→ WHAT NEEDS TO BE DONE
Please copy only the material from the line that has "Cartoon Mädchen kuschelt" to the very last line, both ends included, exactly as written and without pictures.

→ DATA TO PROCESS
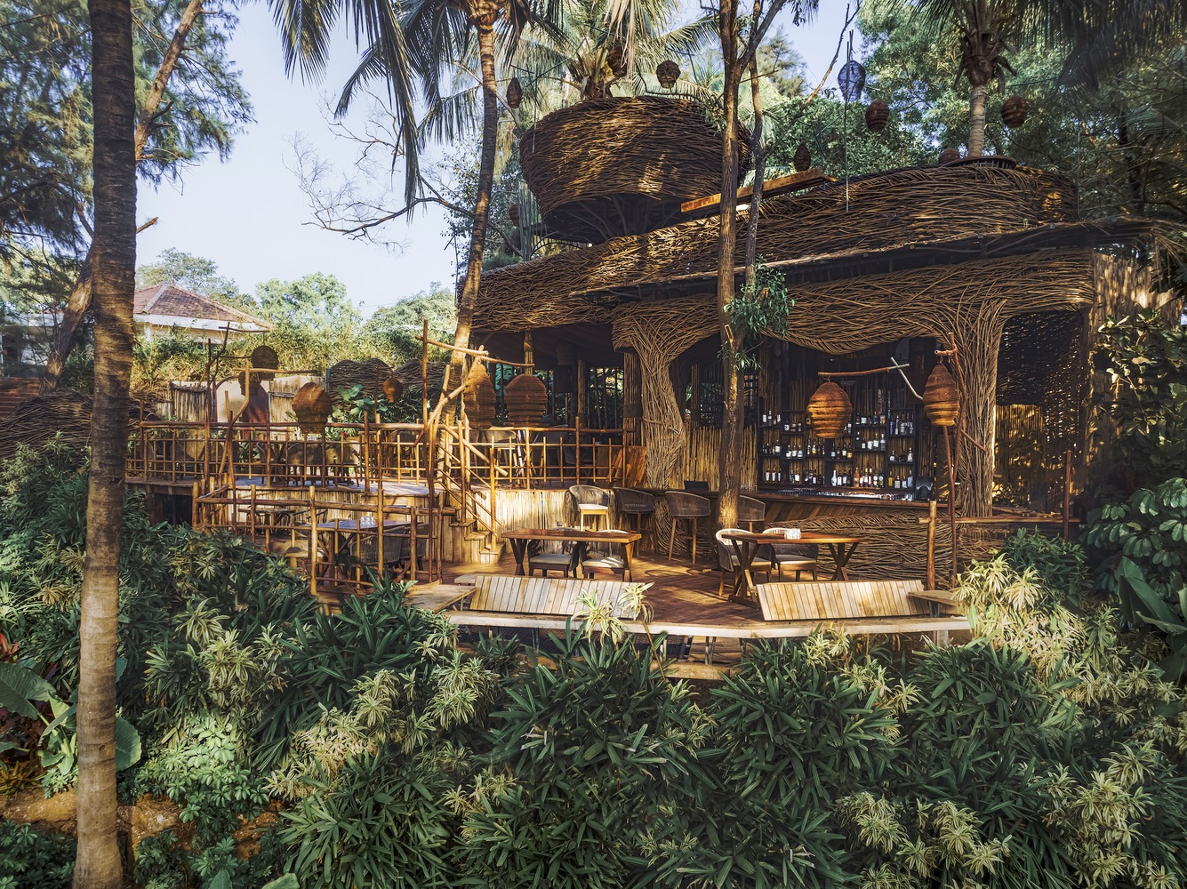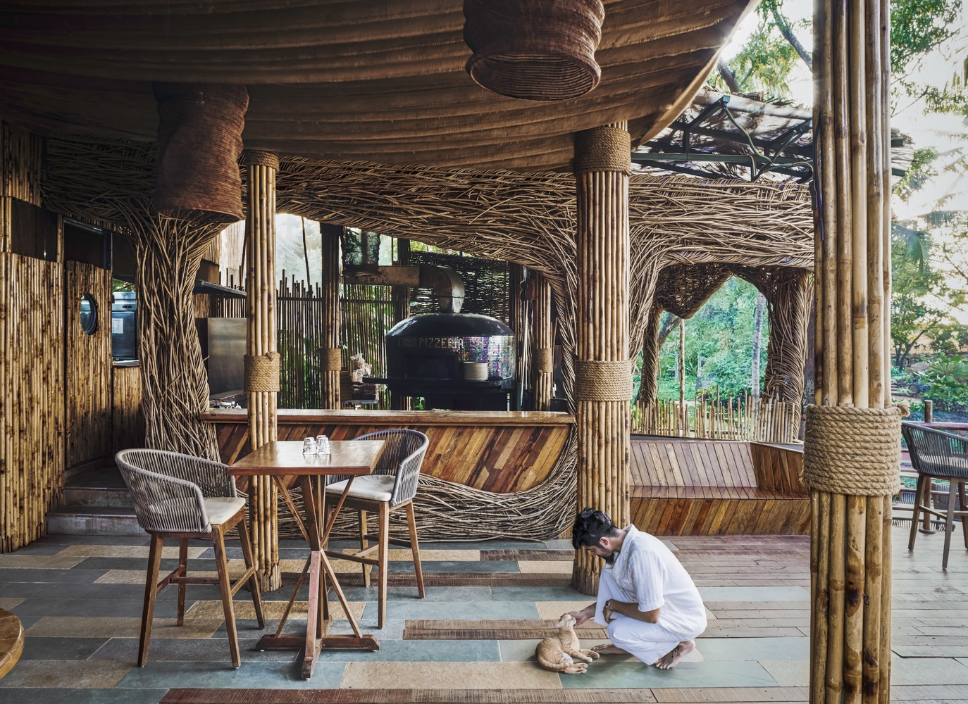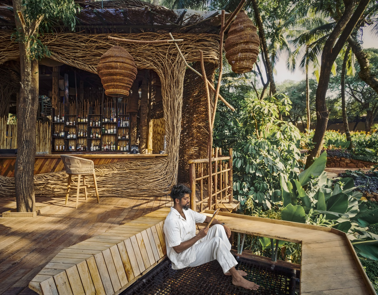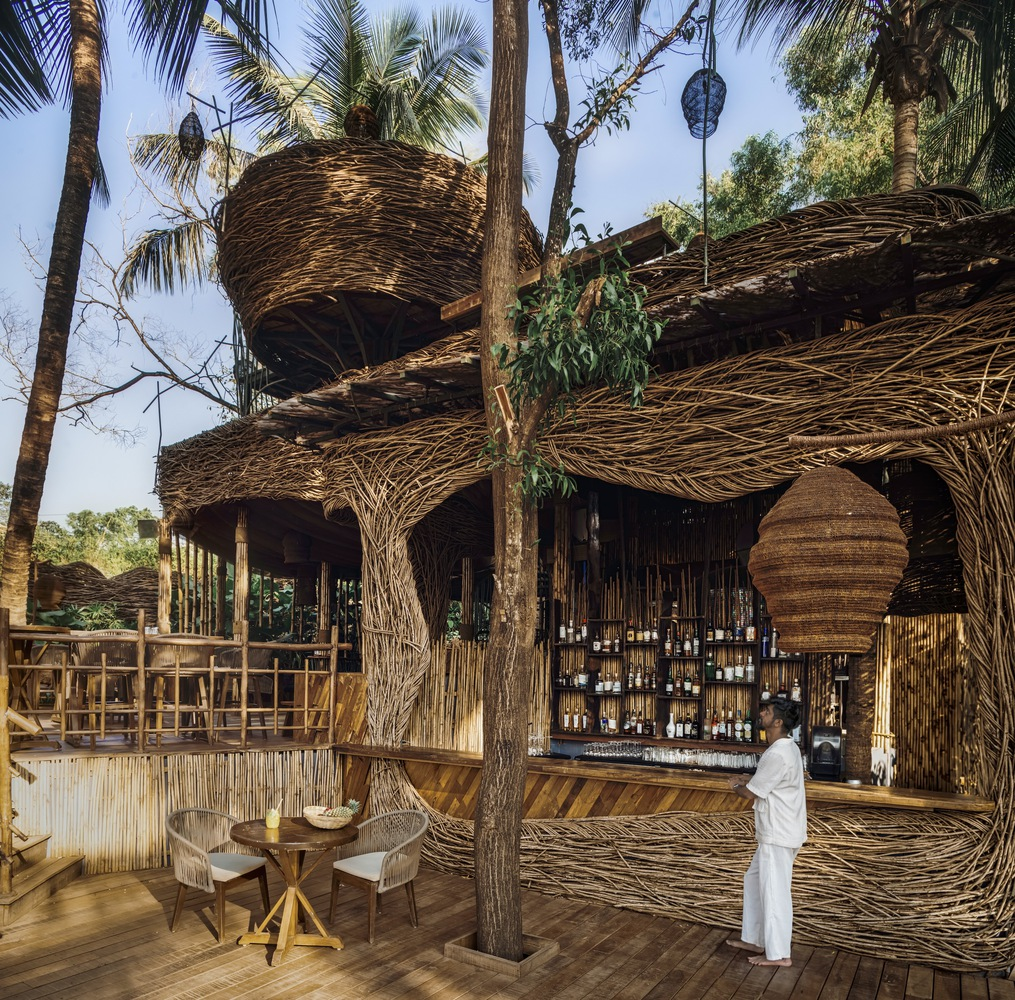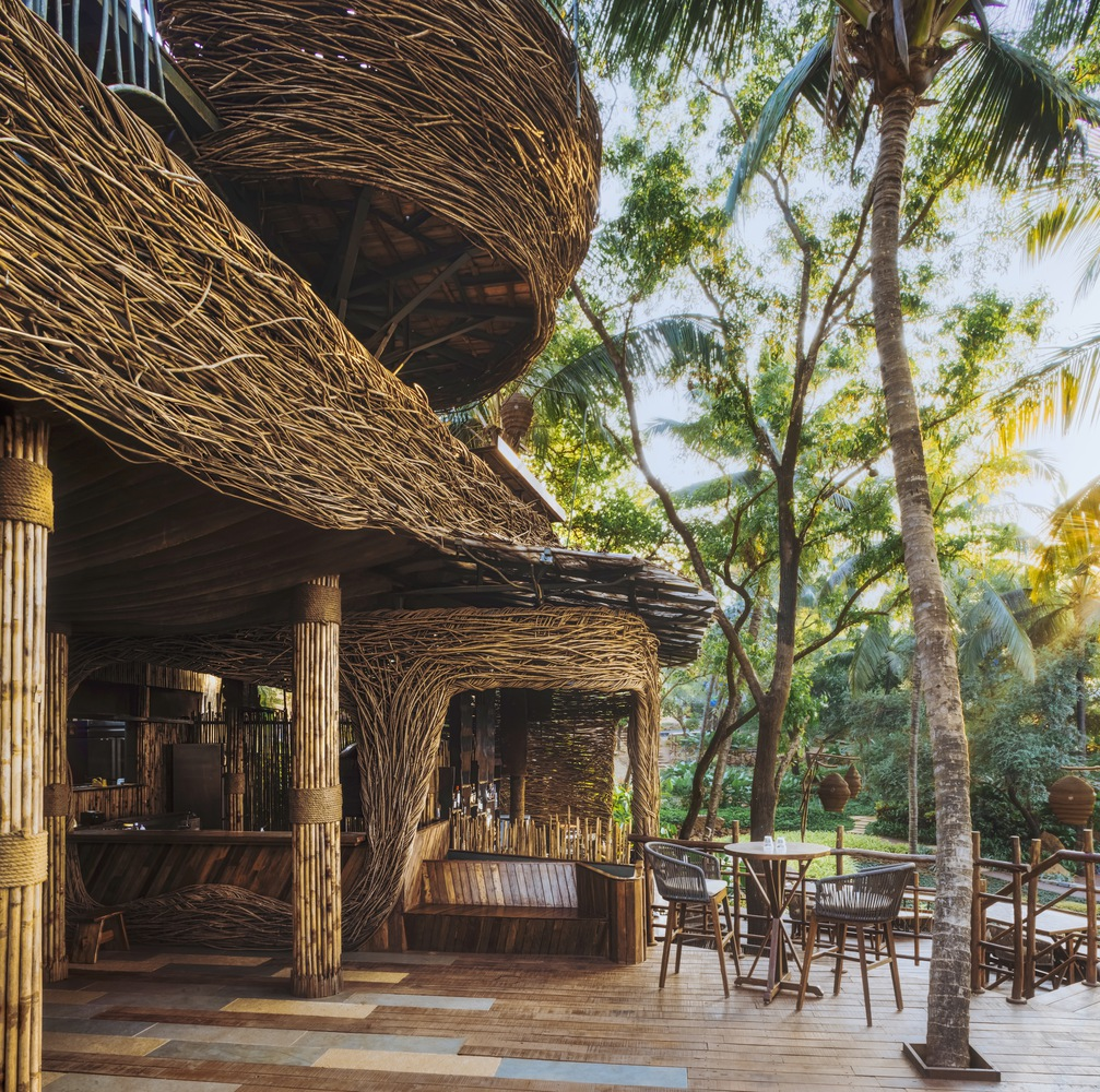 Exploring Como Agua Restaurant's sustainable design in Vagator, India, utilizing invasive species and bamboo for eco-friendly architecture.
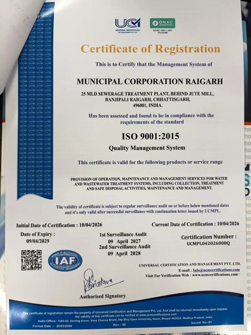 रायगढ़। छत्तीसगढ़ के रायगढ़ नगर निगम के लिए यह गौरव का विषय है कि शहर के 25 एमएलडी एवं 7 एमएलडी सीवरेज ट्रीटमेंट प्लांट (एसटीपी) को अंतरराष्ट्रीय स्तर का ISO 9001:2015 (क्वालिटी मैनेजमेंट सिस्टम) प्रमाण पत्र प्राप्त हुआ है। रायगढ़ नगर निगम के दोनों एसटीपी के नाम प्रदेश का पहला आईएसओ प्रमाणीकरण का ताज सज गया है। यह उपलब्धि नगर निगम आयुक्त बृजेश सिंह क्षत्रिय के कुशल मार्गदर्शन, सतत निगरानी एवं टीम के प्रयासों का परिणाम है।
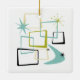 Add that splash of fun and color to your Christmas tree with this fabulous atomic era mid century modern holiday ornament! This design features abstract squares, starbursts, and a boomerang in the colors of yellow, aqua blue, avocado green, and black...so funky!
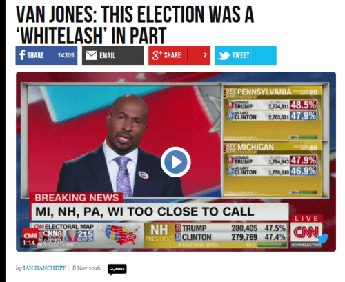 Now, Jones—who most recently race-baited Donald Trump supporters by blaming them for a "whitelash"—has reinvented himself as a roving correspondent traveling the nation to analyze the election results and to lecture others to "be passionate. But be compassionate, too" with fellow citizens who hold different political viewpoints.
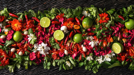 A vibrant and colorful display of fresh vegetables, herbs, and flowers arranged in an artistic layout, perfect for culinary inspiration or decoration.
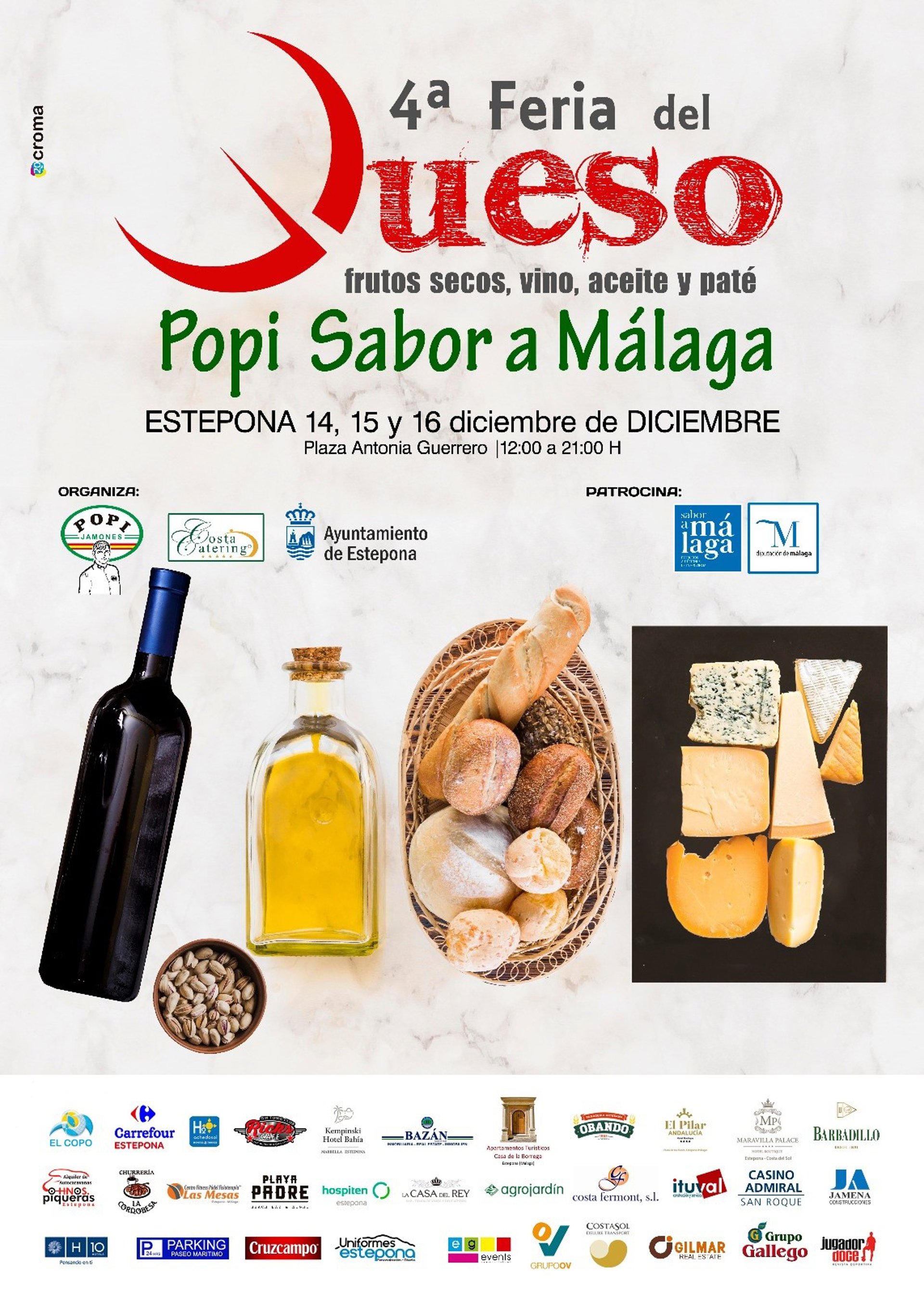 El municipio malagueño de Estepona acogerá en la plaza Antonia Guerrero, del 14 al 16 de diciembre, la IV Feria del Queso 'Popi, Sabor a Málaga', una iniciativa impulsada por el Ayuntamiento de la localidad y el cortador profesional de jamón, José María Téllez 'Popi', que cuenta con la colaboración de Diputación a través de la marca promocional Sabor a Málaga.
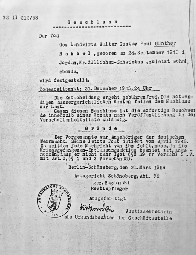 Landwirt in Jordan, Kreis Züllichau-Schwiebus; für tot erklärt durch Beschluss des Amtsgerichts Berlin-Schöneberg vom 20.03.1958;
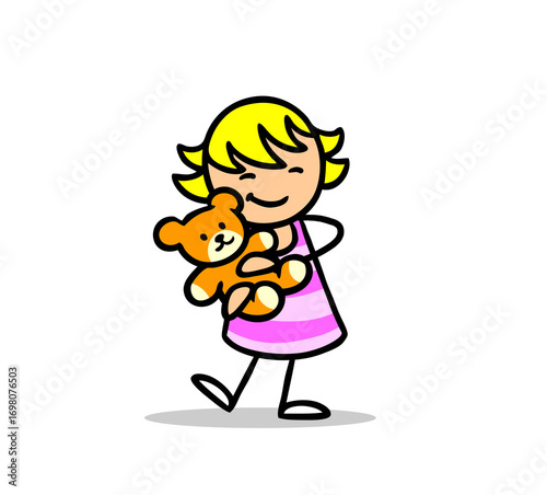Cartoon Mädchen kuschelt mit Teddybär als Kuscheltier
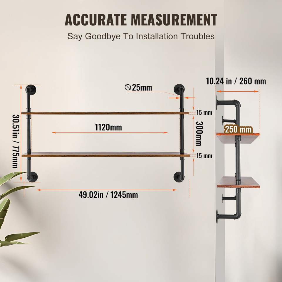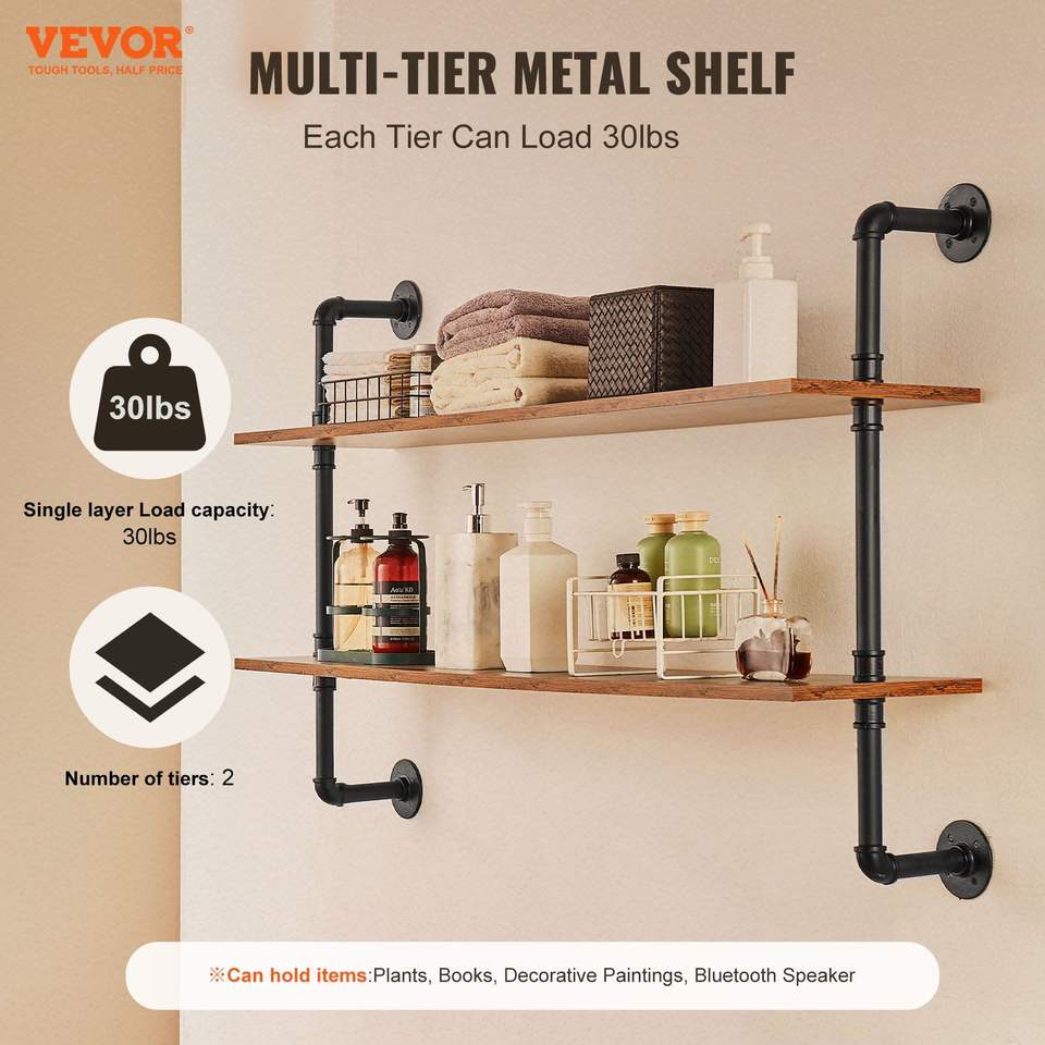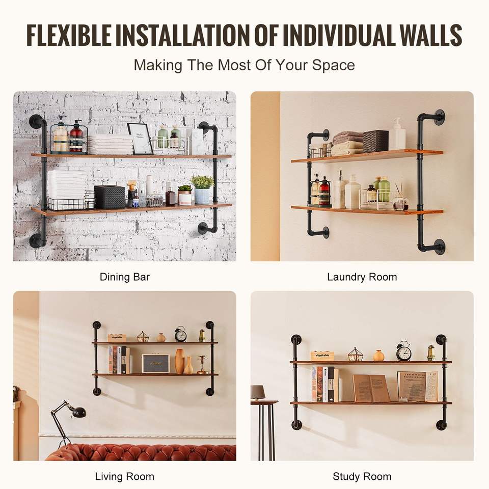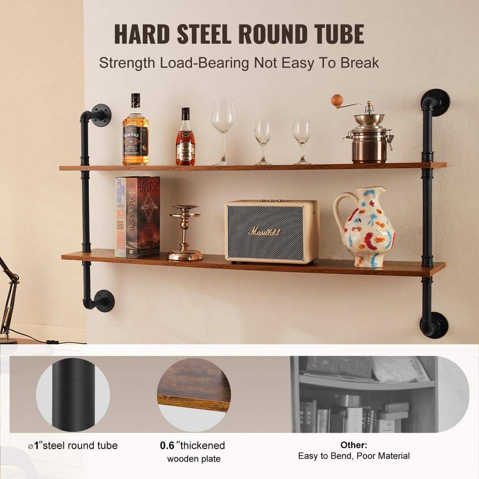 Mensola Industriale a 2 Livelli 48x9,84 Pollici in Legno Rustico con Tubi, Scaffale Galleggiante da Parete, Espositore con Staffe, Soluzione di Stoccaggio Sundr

→ OUTPUT FOR THIS EXERCISE
Cartoon Mädchen kuschelt mit Teddybär als Kuscheltier
 Mensola Industriale a 2 Livelli 48x9,84 Pollici in Legno Rustico con Tubi, Scaffale Galleggiante da Parete, Espositore con Staffe, Soluzione di Stoccaggio Sundr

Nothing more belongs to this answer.